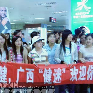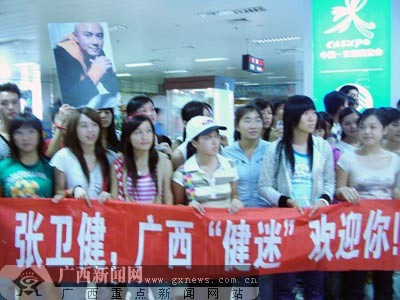 广西新闻网南宁11月13日讯(实习生万鹏 记者黄慧敏)郑伊健刚刚离开南宁,为宣传新片《阿有正传》,张卫健又如期而至,他在今日下午抵达南宁,在影迷们的簇拥下走出南宁机场。
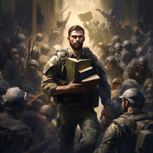 lots of angry soldier ,holding books are going toward a wall and one of them is looking back to the camera
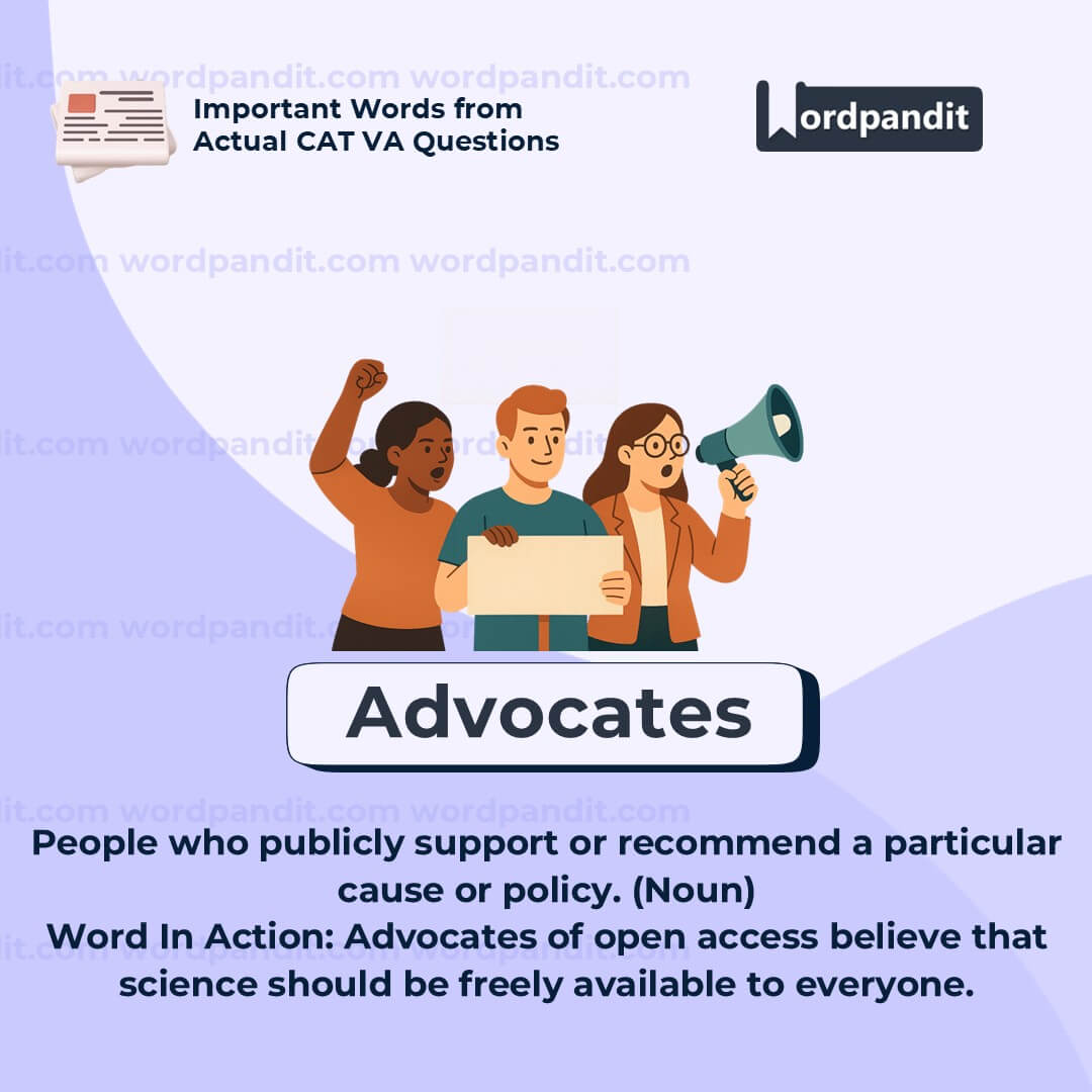 The word “advocate” is a powerful one—it doesn’t just mean to support but also to take action or speak out. Whether it’s human rights, environmental causes, or open science, advocates play a vital role in driving change. Also, don't confuse the noun (a supporter) with the verb (to support or argue for something).

▶ [WHAT THIS TASK INVOLVES]: Copy exactly the lines running from the beginning of the listing through the line that has "lots of angry". Drop the pictures.

▶ [ANSWER FOR THE TASK]:
 广西新闻网南宁11月13日讯(实习生万鹏 记者黄慧敏)郑伊健刚刚离开南宁,为宣传新片《阿有正传》,张卫健又如期而至,他在今日下午抵达南宁,在影迷们的簇拥下走出南宁机场。
 lots of angry soldier ,holding books are going toward a wall and one of them is looking back to the camera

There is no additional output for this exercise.